[How to complete this task] In this exercise, the entries below include pictures. Repeat exactly the lines from the line with "だからBASICOは、男性ら" to the line with "Cuenta con canopy", including both, but without the pictures.

[Input records]
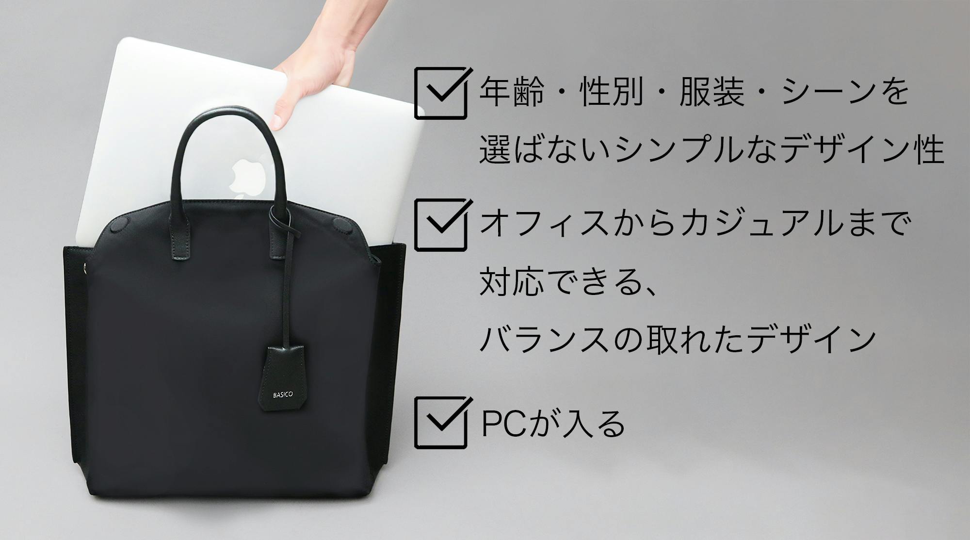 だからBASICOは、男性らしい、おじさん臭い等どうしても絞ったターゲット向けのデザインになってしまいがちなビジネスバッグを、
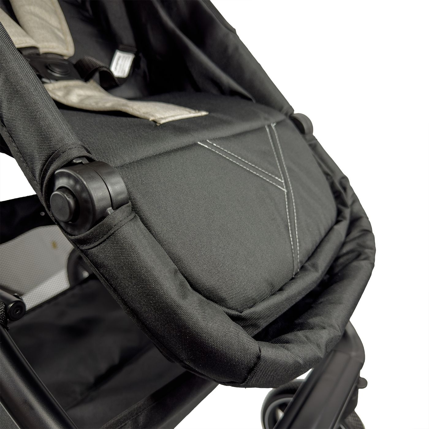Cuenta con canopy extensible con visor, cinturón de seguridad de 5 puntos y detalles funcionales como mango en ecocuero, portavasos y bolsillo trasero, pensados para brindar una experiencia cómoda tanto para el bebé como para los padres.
--
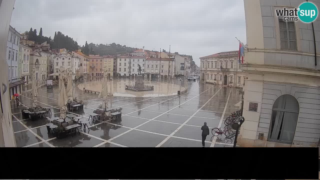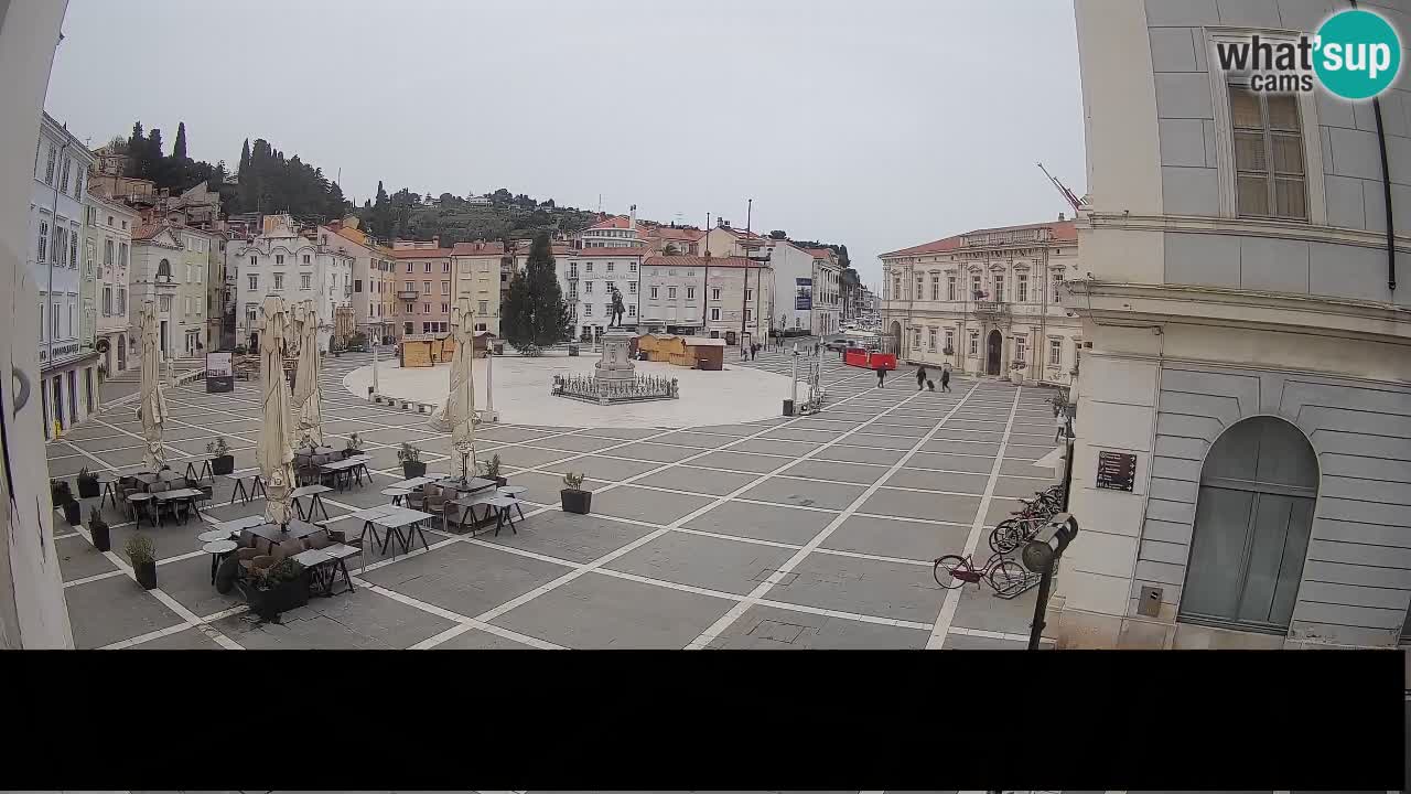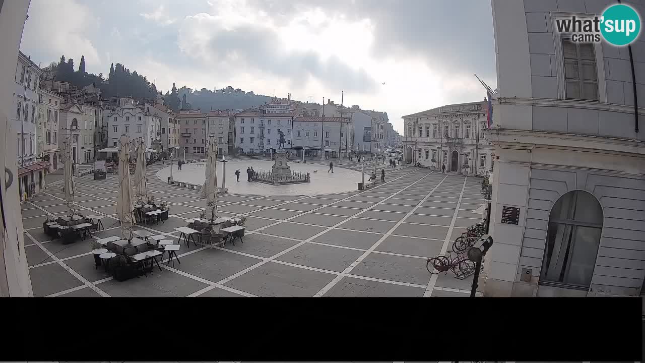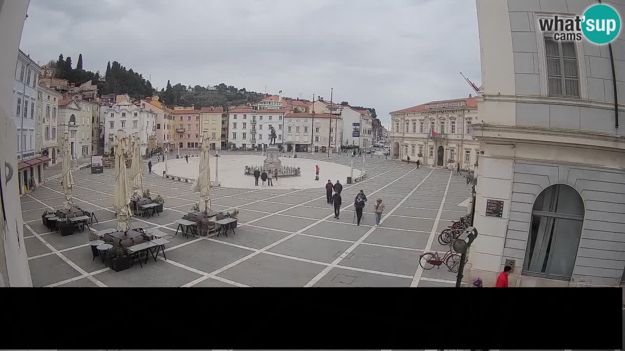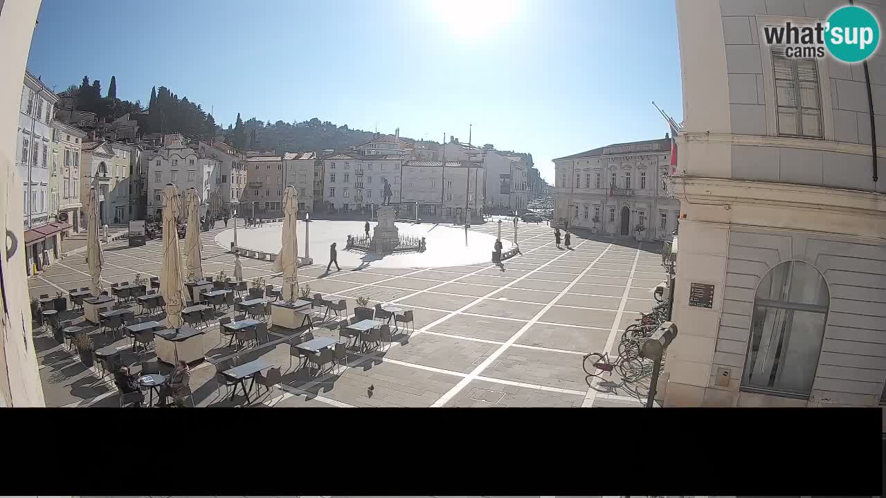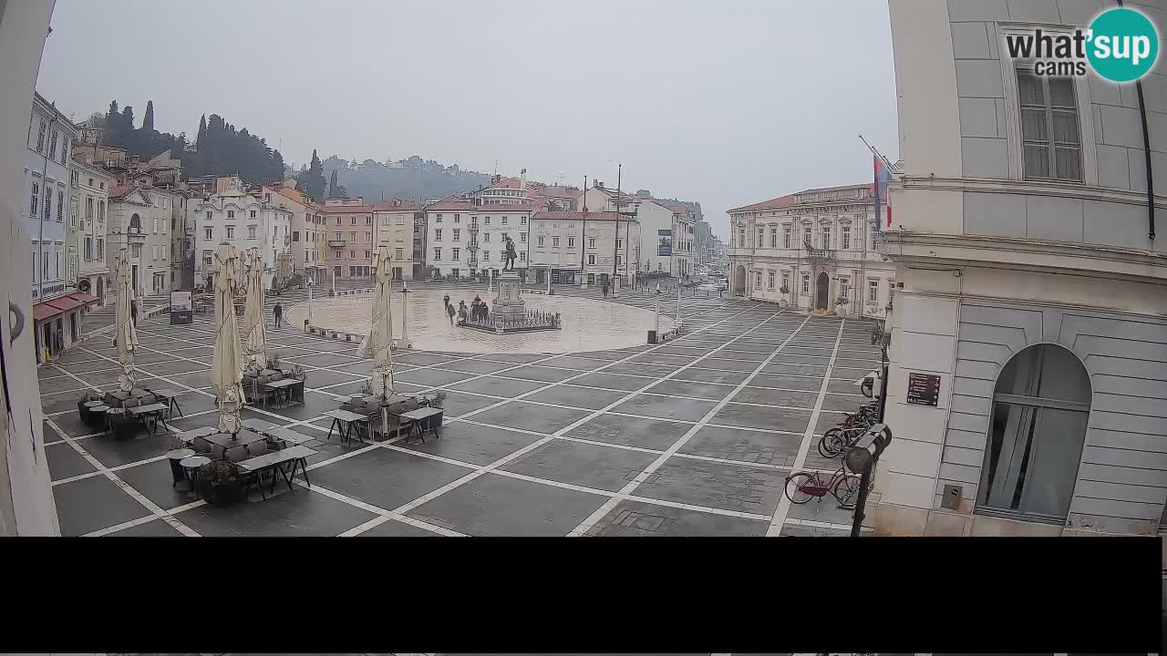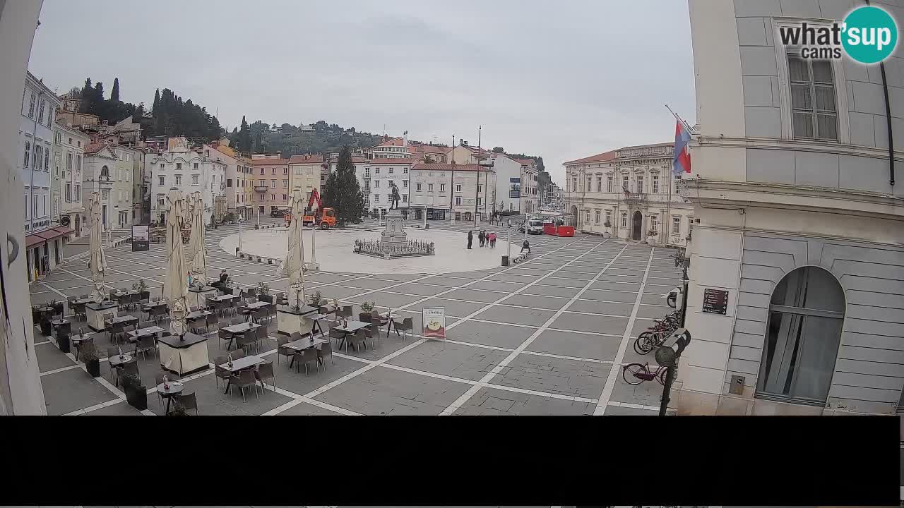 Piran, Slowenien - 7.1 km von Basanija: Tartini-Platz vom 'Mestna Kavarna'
...
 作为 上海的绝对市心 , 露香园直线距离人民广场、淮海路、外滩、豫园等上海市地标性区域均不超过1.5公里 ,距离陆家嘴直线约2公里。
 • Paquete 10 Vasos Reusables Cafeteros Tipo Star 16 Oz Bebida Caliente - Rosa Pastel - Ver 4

[Task result]
 だからBASICOは、男性らしい、おじさん臭い等どうしても絞ったターゲット向けのデザインになってしまいがちなビジネスバッグを、
Cuenta con canopy extensible con visor, cinturón de seguridad de 5 puntos y detalles funcionales como mango en ecocuero, portavasos y bolsillo trasero, pensados para brindar una experiencia cómoda tanto para el bebé como para los padres.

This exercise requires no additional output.